Brief:
With the pictures left out, reproduce exactly the lines from the one containing "HAMbyWhiteGlove aka HAMbWG" through the final line of the entries.

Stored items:
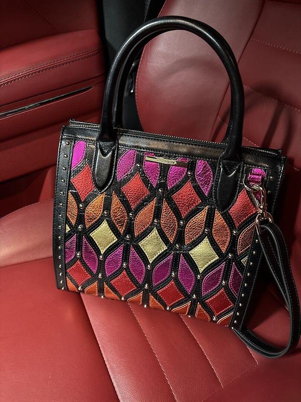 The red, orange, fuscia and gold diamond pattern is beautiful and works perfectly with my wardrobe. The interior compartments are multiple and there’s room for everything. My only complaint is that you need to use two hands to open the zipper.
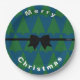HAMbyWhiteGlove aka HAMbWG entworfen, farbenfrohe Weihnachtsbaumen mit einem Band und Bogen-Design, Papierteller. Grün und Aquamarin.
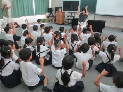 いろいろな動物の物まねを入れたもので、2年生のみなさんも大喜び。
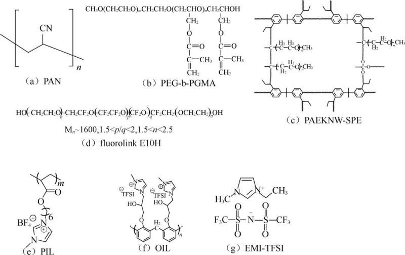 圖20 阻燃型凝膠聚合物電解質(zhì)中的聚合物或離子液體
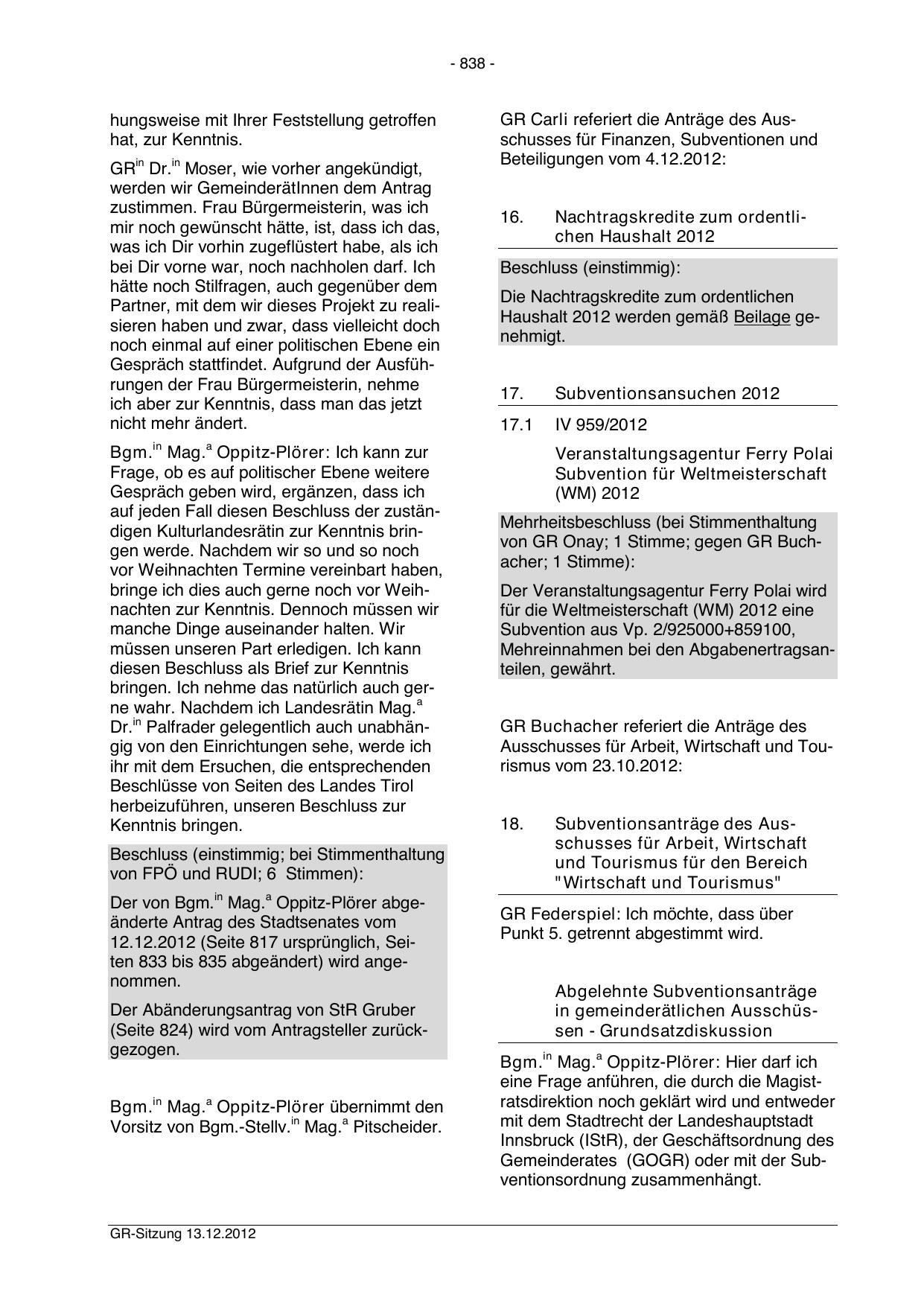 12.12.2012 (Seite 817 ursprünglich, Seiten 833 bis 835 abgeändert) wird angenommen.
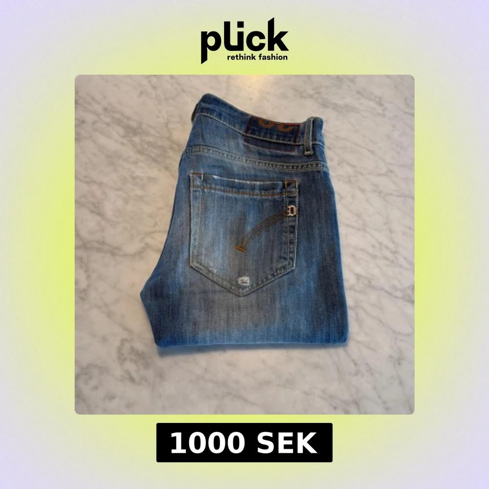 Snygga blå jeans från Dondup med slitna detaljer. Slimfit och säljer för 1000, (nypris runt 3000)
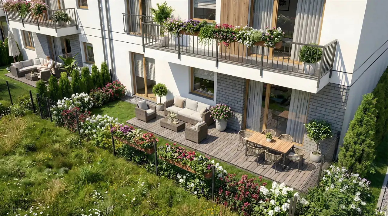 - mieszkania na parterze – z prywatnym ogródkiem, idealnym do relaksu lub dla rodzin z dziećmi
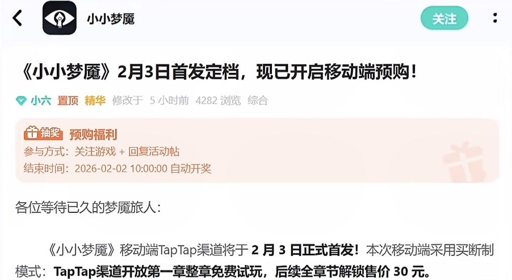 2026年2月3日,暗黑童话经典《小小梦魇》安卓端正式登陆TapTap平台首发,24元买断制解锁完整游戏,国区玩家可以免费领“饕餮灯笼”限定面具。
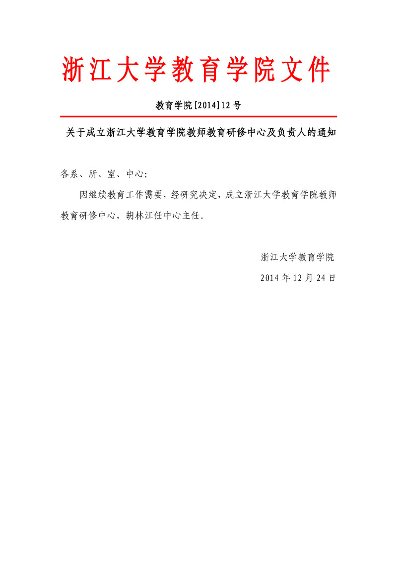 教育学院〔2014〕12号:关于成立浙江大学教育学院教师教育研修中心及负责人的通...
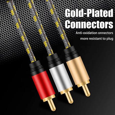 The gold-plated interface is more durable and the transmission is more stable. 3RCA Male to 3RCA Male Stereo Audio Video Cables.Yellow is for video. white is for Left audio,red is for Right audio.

Your solution:
HAMbyWhiteGlove aka HAMbWG entworfen, farbenfrohe Weihnachtsbaumen mit einem Band und Bogen-Design, Papierteller. Grün und Aquamarin.
 いろいろな動物の物まねを入れたもので、2年生のみなさんも大喜び。
 圖20 阻燃型凝膠聚合物電解質(zhì)中的聚合物或離子液體
 12.12.2012 (Seite 817 ursprünglich, Seiten 833 bis 835 abgeändert) wird angenommen.
 Snygga blå jeans från Dondup med slitna detaljer. Slimfit och säljer för 1000, (nypris runt 3000)
 - mieszkania na parterze – z prywatnym ogródkiem, idealnym do relaksu lub dla rodzin z dziećmi
 2026年2月3日,暗黑童话经典《小小梦魇》安卓端正式登陆TapTap平台首发,24元买断制解锁完整游戏,国区玩家可以免费领“饕餮灯笼”限定面具。
 教育学院〔2014〕12号:关于成立浙江大学教育学院教师教育研修中心及负责人的通...
 The gold-plated interface is more durable and the transmission is more stable. 3RCA Male to 3RCA Male Stereo Audio Video Cables.Yellow is for video. white is for Left audio,red is for Right audio.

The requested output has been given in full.